2007 aviation accident

Atlasjet Flight 4203 was a scheduled domestic passenger flight from Istanbul Atatürk Airport in Istanbul to Isparta Süleyman Demirel Airport in Isparta Province, Turkey. On 30 November 2007, the aircraft operating the flight – a McDonnell Douglas MD-83 which Atlasjet had leased from World Focus Airlines just five months before – crashed in the vicinity of Keçiborlu between the villages of Yenitepe and Çukurören while on approach, approximately 12 km west of the destination airport. The flight had taken off from Istanbul at 00:51 EET with 50 passengers and 7 crew members on board. All 57 occupants perished in the accident.

==Background==

===Aircraft===
The aircraft that operated flight 4203 was a McDonnell Douglas MD-83 manufactured in August 1994 with serial number 53185. It was equipped with two Pratt & Whitney JT8D-219 turbofan engines.

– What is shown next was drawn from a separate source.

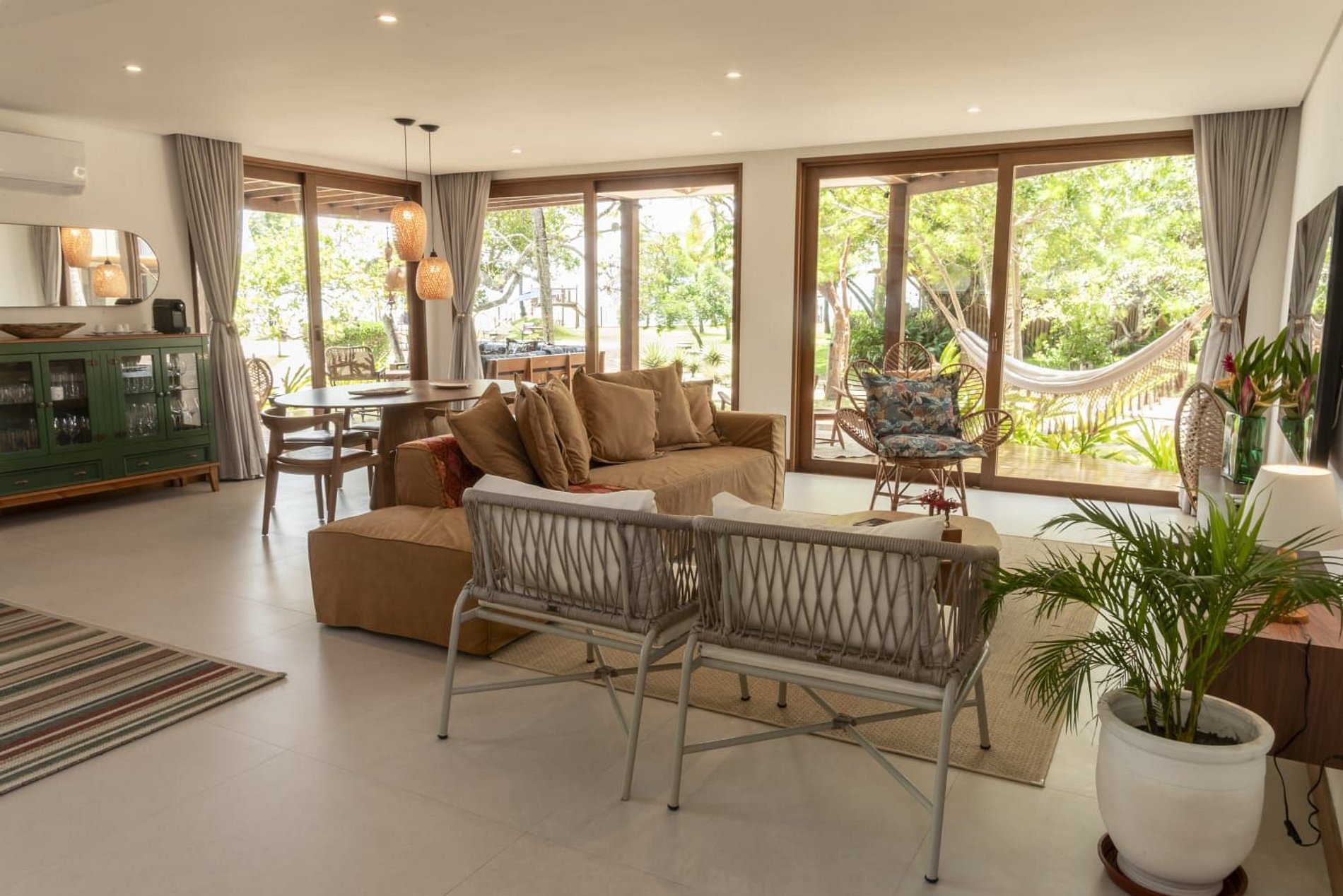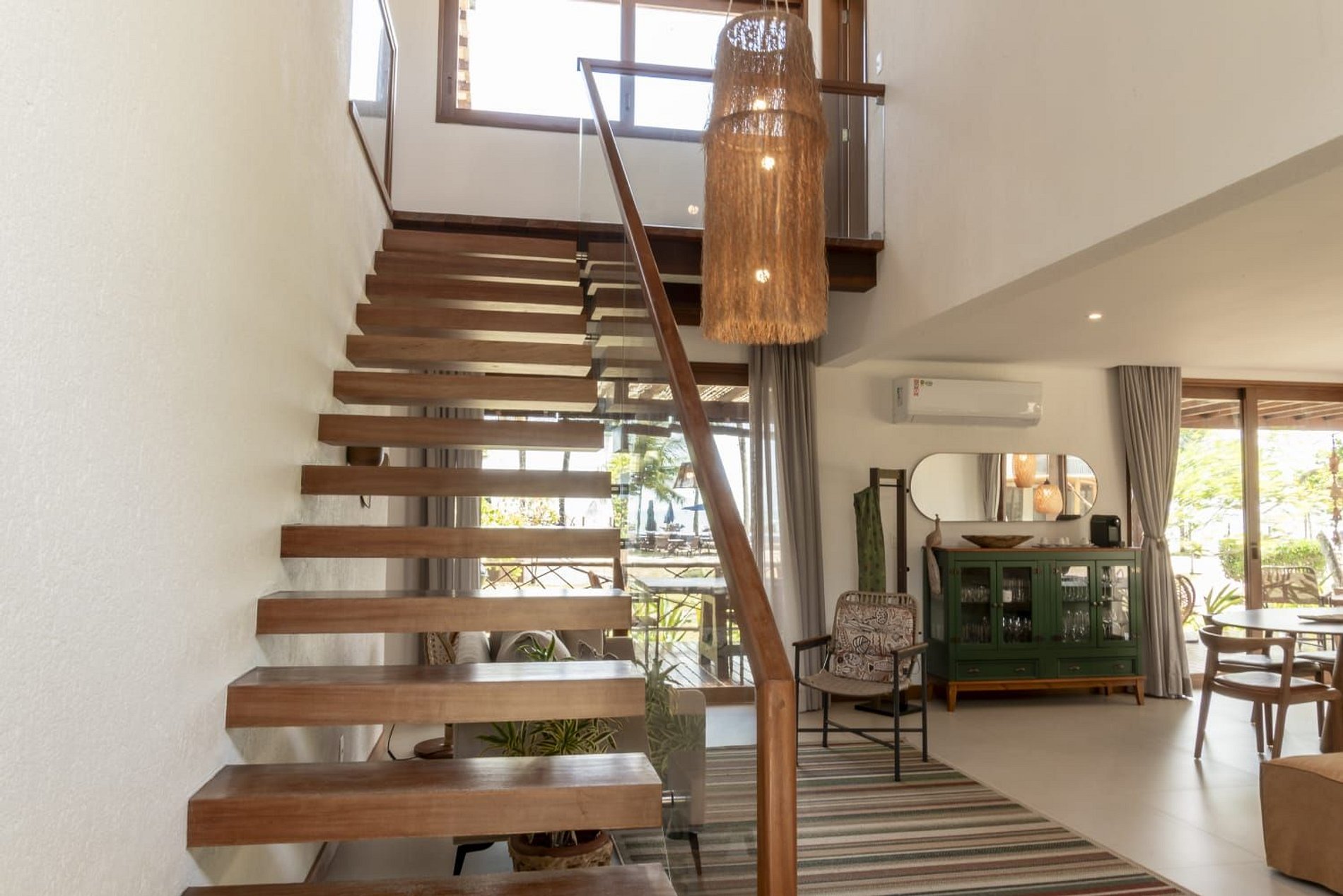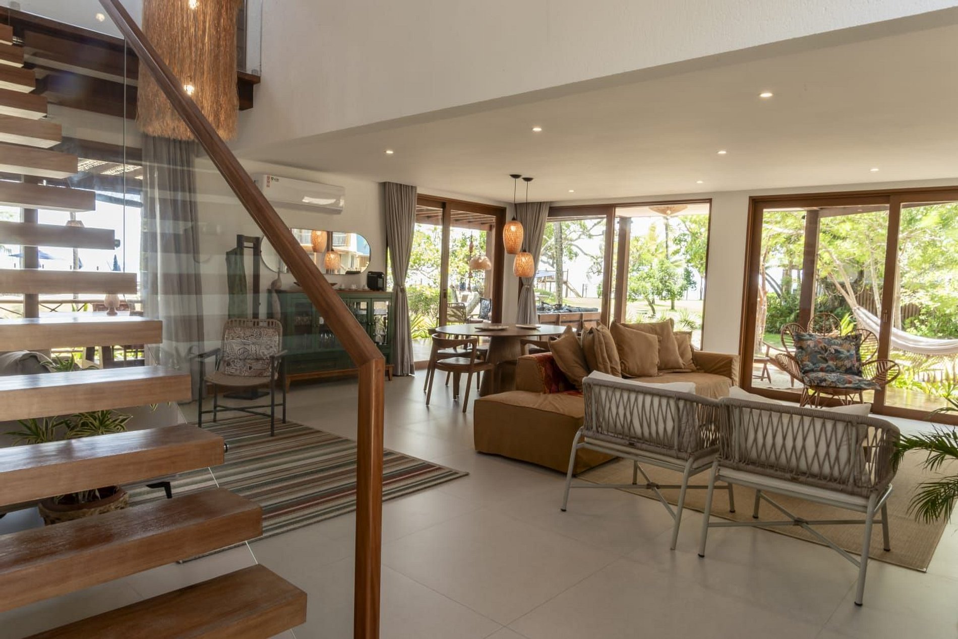 No térreo, os ambientes são integrados em um estilo moderno e acolhedor, com sala de estar e jantar amplas, lavabo e cozinha totalmente equipada. Todos os espaços são climatizados, garantindo máximo conforto para os hóspedes.

The aircraft had initially been deployed to service at Reno Air in September 1994 where it was operated until August 1999, until its merger with American Airlines where it then served until March 2001. Subsequently, Turkish charter airline Freebird Airlines had purchased the aircraft and operated it until May 2005. Finally, World Focus Airlines acquired the aircraft and registered it as TC-AKM in May 2005. The MD-83 was leased to Turkish Airlines in late November the same year and was returned seven months later in June 2006. Eventually, World Focus Airlines sub-leased the aircraft to Atlasjet in late June 2007 for a five-month period.

===Crew===
The aircrew consisted of two pilots, one technician and four flight attendants. Captain Muhammet Serhat Özdemir, aged 48, was the pilot flying the aircraft. Mehmet Tahir Aksoy, aged 55, was a former Turkish Air Force pilot, and served as the first officer. He had joined World Focus Airlines just three months prior to the crash and had accumulated around 14 hours on the MD-83, well below the minimum 100 hours required by Turkish regulations. Of the seven crew members, three flight attendants were Atlasjet employees, both pilots, the technician and one flight attendant were employed by World Focus Airlines.

===Passengers===
All 50 passengers, one of whom was a six-week-old baby, were Turkish citizens. Among those on board was nuclear physicist Engin Arık. She was accompanied by five other scientists traveling to attend a conference at Süleyman Demirel University in Isparta regarding the Turkish Accelerator Center Project. The six scientists were employed at different universities across Turkey and had decisive roles in the project. Prof. Arık was also working for the European Organization for Nuclear Research (CERN) in the ATLAS and CAST experiments.

All passengers and crew members on board were killed in the accident.

==Crash==
Flight 4203 took off from Istanbul Atatürk Airport in Istanbul in the early hours of 30 November 2007 at 00:51 Eastern European Time (EET) (22:51 UTC on 29 November) bound for Isparta Süleyman Demirel Airport in Isparta Province in southwestern Turkey. The takeoff and climb out from Istanbul were uneventful.
Twenty-seven minutes into the flight, Captain Özdemir told air traffic control (ATC) that they were approaching Isparta airport using VHF omnidirectional range, which is a type of short-range radio navigation system that enables aircraft to determine their position and stay on course; the rather small airport which serves mainly domestic flights was not equipped with the more sophisticated instrument landing system.
At 01:36 EET, the crew made its last routine contact with ATC – absent of any abnormalities – saying that they "are inbound." The air traffic controller acknowledged the message, which constituted the last exchange of words between the crew and the ATC. Further attempts to contact the crew were futile.

===Immediate response===
After the estimated time of arrival of Flight 4203 had passed and without a sign of the aircraft's fate, the air traffic controller decided to establish contact with other aircraft in the area, requesting them to look out for the doomed flight. This however returned no results, and the ATC officially declared the aircraft missing and search and rescue efforts led by the Turkish Gendarmerie were initiated. Due to the prevalent darkness and the mountainous terrain, initial ground operations proved difficult so the Turkish Air Force dispatched a helicopter equipped with thermal cameras in order to scour the presumed crash site and locate the aircraft. In the early morning hours shortly past 06:00 EET, the wreckage was located by the helicopter on the 1830 m Türbetepe hill, some 12 km west of the airport and 6 km southwest of the town of Keçiborlu. All other search and rescue teams including a police helicopter and an ambulance were immediately directed to that site.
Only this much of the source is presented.